▶ What you will do: Although the data below contains pictures, please reproduce only its words, exactly.
** Opening Source data block **
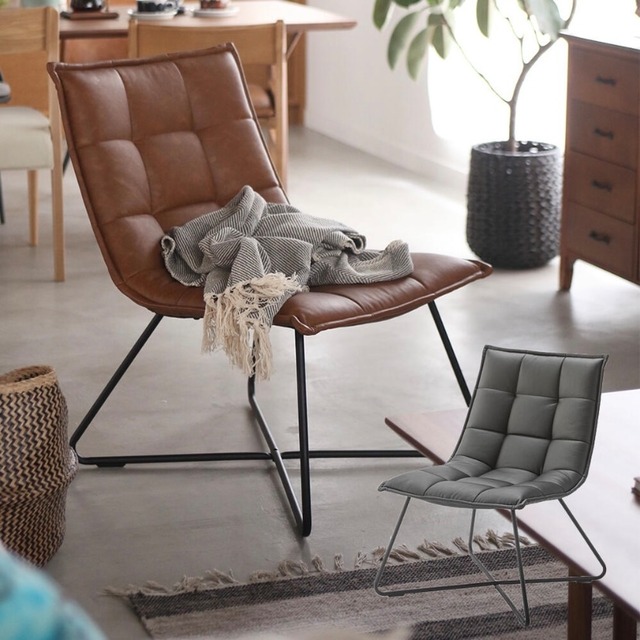 デザイナーズ家具を思わせるスタイリッシュなフォルム。 アイアンの脚とレザー調の座面は、インテリアオブジェにもなるチェア。 部屋に一つ置いておくだけで、印象が違います。 懐かしさを覚えながらも古臭くないデザインのレトロなパーソナルチェアです。 座り心地や快適さを求めていきたい、また長く愛用していきたいと考えるユーザーに向いている椅子。 ソフトレザー(レザー調)の座面はやさしい座り心地。 適度なリクライニングはゆったりくつろぐことが出来ます。 カラー:ブラウン、ブラック サイズ:W62×D74×H84×SH42 (単位cm) 仕様:スチール(粉体塗装) 、ソフトレザー 付属工具:六角レンチ 組立目安人数・時間:1人 20分 耐荷重設定:80kg 商品重量:8.0kg 生産国:中国 注意事項 ・北海道・沖縄・中継便地域には中継料が必要な場合や、お届けできない場合があります。別途ご相談ください。 ・商品画像は照明・お使いの端末のディスプレイの関係により色味が違って見える場合があります。 商品管理番号:AZ-MYS-301BR、AZ-MYS-301BK
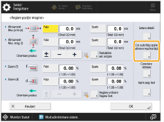 În funcţie de tipul hârtiei, căldura generată de unitatea de fixare poate determina dilatarea sau contractarea uşoară a hârtiei. Astfel, şi imaginile se pot mări sau micşora în consecinţă. Această funcţie permite setarea raportului de zoom al imaginii pentru fiecare hârtie sau mărirea imaginii micşorate conform raportului de zoom al imaginii de pe a doua faţă a hârtiei. Puteţi regla raportul de zoom al imaginii prin introducerea raportului de mărire/micşorare sau prin introducerea valorii măsurate manual a hârtiei pentru pagina de testare.
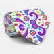 A tie with a vibrant, colorful paisley pattern
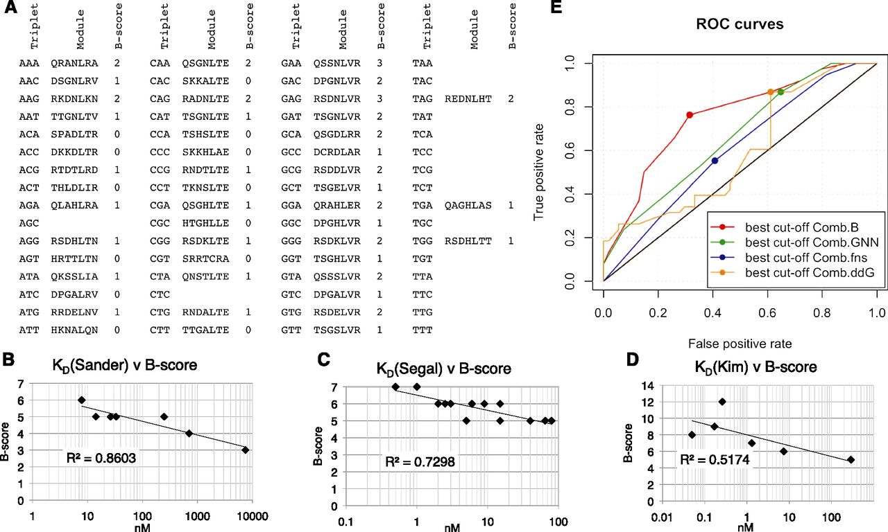 The ab initio B-score as a predictor of relative affinity and activity of MA ZFNs. (A) The B-scores are shown for each Barbas zinc-finger module (Bhakta and Segal 2010). B-scores were summed and compared to the measured affinities of (B) seven three-finger arrays (Sander et al. 2009); (C) 16 three-finger arrays (Segal et al. 1999); and (D) six six-finger arrays of mixed composition (MS Kim et al. 2011; Shimizu et al. 2011). (E) Receiver operating characteristic (ROC) analysis of four predictors of ZFN activity (≥8% SSA activity) was performed for the 92 array variants of the CS ZFN series using the Daim package of the R statistics program. (Comb.B) The combined B-score of the modules in the left and right arrays. (Comb.GNN) The combined number of GNN modules. (Comb.fns) The combined number of fingers. (Comb.ddG) The combined ΔΔG of the GNN modules (Sander et al. 2009).
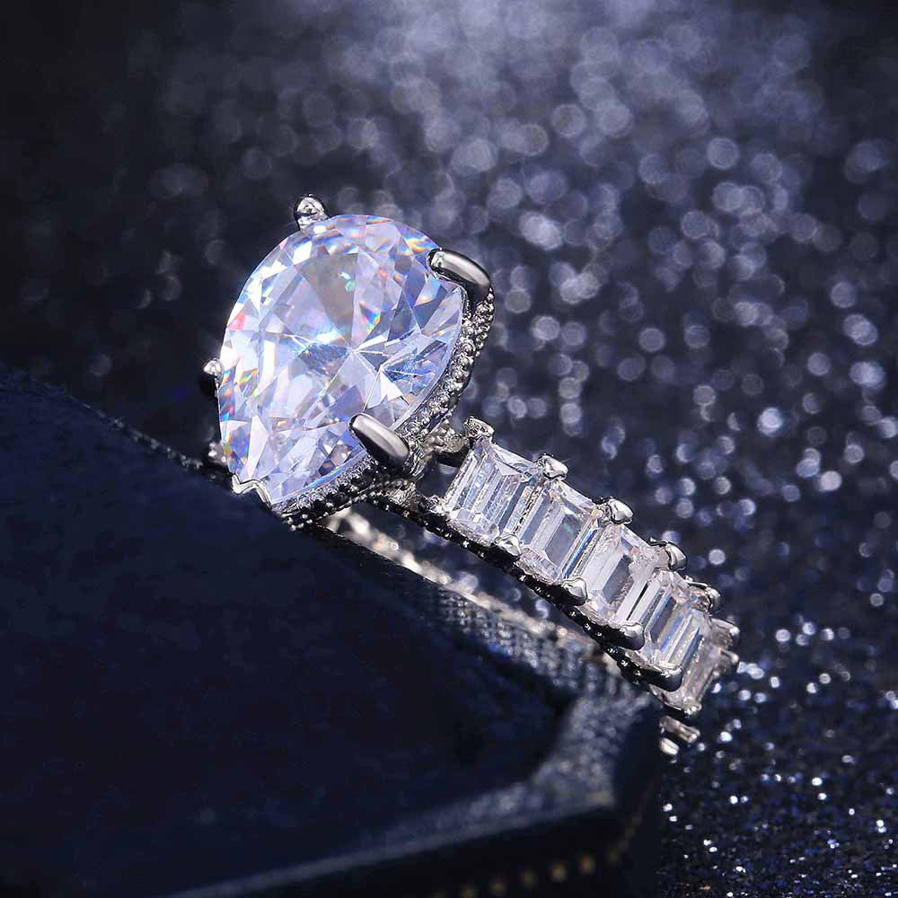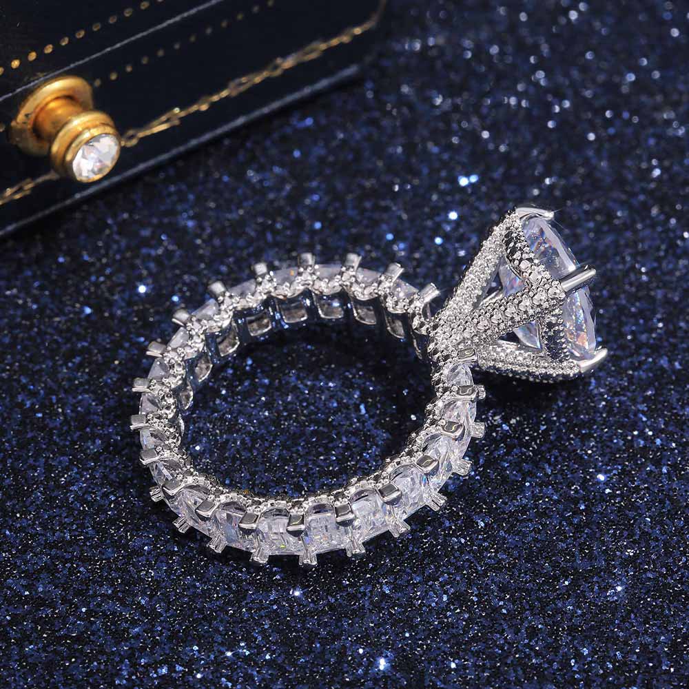 Micro-inlaid celebrity style classic all-match popular ring six-claw zircon wedding ring European and American style light luxury ring
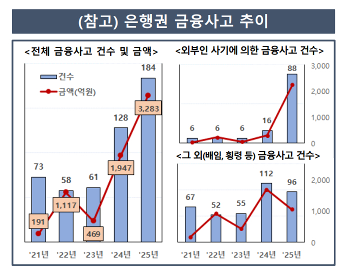 금감원은 지배구조 개선 필요성의 배경으로 은행권 금융사고 증가와 소비자 피해 우려 등을 꼽았다. 은행권 금융사고 발생 건수는 2023년 61건에서 2024년 128건, 2025년 184건으로 증가하는 추세다. 같은 기간 사고 금액도 469억원, 1947억원, 3283억원으로 늘어나고 있다.
** Closing Source data block **
▶ Expected output:
 デザイナーズ家具を思わせるスタイリッシュなフォルム。 アイアンの脚とレザー調の座面は、インテリアオブジェにもなるチェア。 部屋に一つ置いておくだけで、印象が違います。 懐かしさを覚えながらも古臭くないデザインのレトロなパーソナルチェアです。 座り心地や快適さを求めていきたい、また長く愛用していきたいと考えるユーザーに向いている椅子。 ソフトレザー(レザー調)の座面はやさしい座り心地。 適度なリクライニングはゆったりくつろぐことが出来ます。 カラー:ブラウン、ブラック サイズ:W62×D74×H84×SH42 (単位cm) 仕様:スチール(粉体塗装) 、ソフトレザー 付属工具:六角レンチ 組立目安人数・時間:1人 20分 耐荷重設定:80kg 商品重量:8.0kg 生産国:中国 注意事項 ・北海道・沖縄・中継便地域には中継料が必要な場合や、お届けできない場合があります。別途ご相談ください。 ・商品画像は照明・お使いの端末のディスプレイの関係により色味が違って見える場合があります。 商品管理番号:AZ-MYS-301BR、AZ-MYS-301BK
 În funcţie de tipul hârtiei, căldura generată de unitatea de fixare poate determina dilatarea sau contractarea uşoară a hârtiei. Astfel, şi imaginile se pot mări sau micşora în consecinţă. Această funcţie permite setarea raportului de zoom al imaginii pentru fiecare hârtie sau mărirea imaginii micşorate conform raportului de zoom al imaginii de pe a doua faţă a hârtiei. Puteţi regla raportul de zoom al imaginii prin introducerea raportului de mărire/micşorare sau prin introducerea valorii măsurate manual a hârtiei pentru pagina de testare.
 A tie with a vibrant, colorful paisley pattern
 The ab initio B-score as a predictor of relative affinity and activity of MA ZFNs. (A) The B-scores are shown for each Barbas zinc-finger module (Bhakta and Segal 2010). B-scores were summed and compared to the measured affinities of (B) seven three-finger arrays (Sander et al. 2009); (C) 16 three-finger arrays (Segal et al. 1999); and (D) six six-finger arrays of mixed composition (MS Kim et al. 2011; Shimizu et al. 2011). (E) Receiver operating characteristic (ROC) analysis of four predictors of ZFN activity (≥8% SSA activity) was performed for the 92 array variants of the CS ZFN series using the Daim package of the R statistics program. (Comb.B) The combined B-score of the modules in the left and right arrays. (Comb.GNN) The combined number of GNN modules. (Comb.fns) The combined number of fingers. (Comb.ddG) The combined ΔΔG of the GNN modules (Sander et al. 2009).
 Micro-inlaid celebrity style classic all-match popular ring six-claw zircon wedding ring European and American style light luxury ring
 금감원은 지배구조 개선 필요성의 배경으로 은행권 금융사고 증가와 소비자 피해 우려 등을 꼽았다. 은행권 금융사고 발생 건수는 2023년 61건에서 2024년 128건, 2025년 184건으로 증가하는 추세다. 같은 기간 사고 금액도 469억원, 1947억원, 3283억원으로 늘어나고 있다.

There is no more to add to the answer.